The economic effects are likely to be felt across the sector. Lower litigation risk reduces the cost of defending governance arrangements and may allow boards to take a longer-term approach to portfolio management. At the same time, the constraint on private lawsuits shifts more weight onto regulatory oversight.

Saba Capital has argued that the decision addresses who can bring claims, not whether the underlying practices comply with the law. That distinction leaves the SEC as the primary enforcer. If regulatory scrutiny does not increase, some governance structures may face less practical challenge than before.

What this means for investors

For investors, the implications are uneven. Reduced litigation risk may support stability and lower fund expenses. But it also removes one mechanism activists have used to push for changes aimed at narrowing discounts or reshaping boards. The effectiveness of future campaigns will depend more heavily on proxy contests, shareholder alliances and market pressure.

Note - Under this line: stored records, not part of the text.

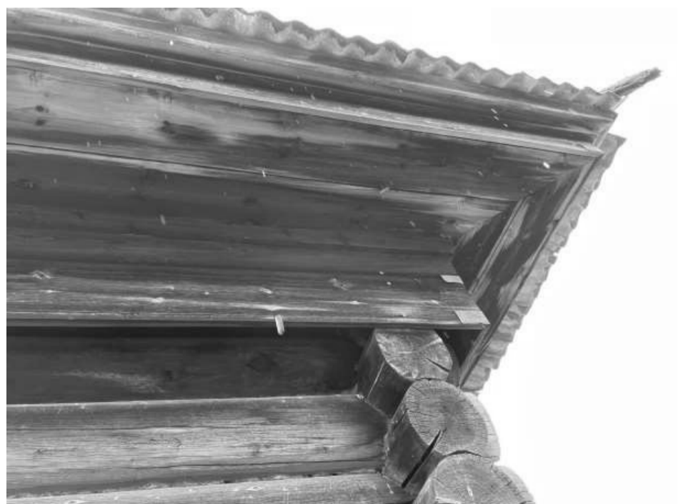
Фотография №4. Фрагмент северо-восточного фасада объекта культурного наследия
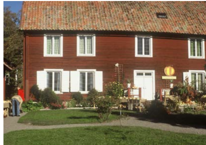
Carl von Linné köpte egendomen Hammarby 1758 och lät några år senare uppföra boningshuset i två våningar. Byggnaderna jämte samlingar och park ägs sedan 1880 av staten.

Från E4 vid Uppsala sväng vid trafikplats Kumla, avtag nr 187, till väg 282 mot Edsbro. Efter 0,5 km tag höger mot Danmarks kyrka och Linnés Hammarby.
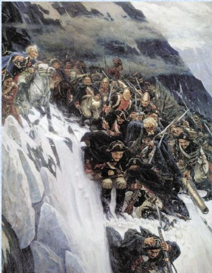
В. И. Суриков. Переход Суворова через Альпы

The dissenting justices said the ruling departs from Congress’s intent to protect investors, highlighting a continuing debate over the role of private enforcement in financial regulation. That debate is now likely to play out through the SEC rather than the courts.

In practical terms, the decision redraws the boundaries of governance disputes in the closed-end fund market. Activists retain economic incentives to target underperforming funds, but with fewer legal tools at their disposal. Boards and sponsors, including BlackRock and FS Credit Opportunities Corp., gain greater certainty. What happens next will depend largely on how actively the SEC chooses to police the space.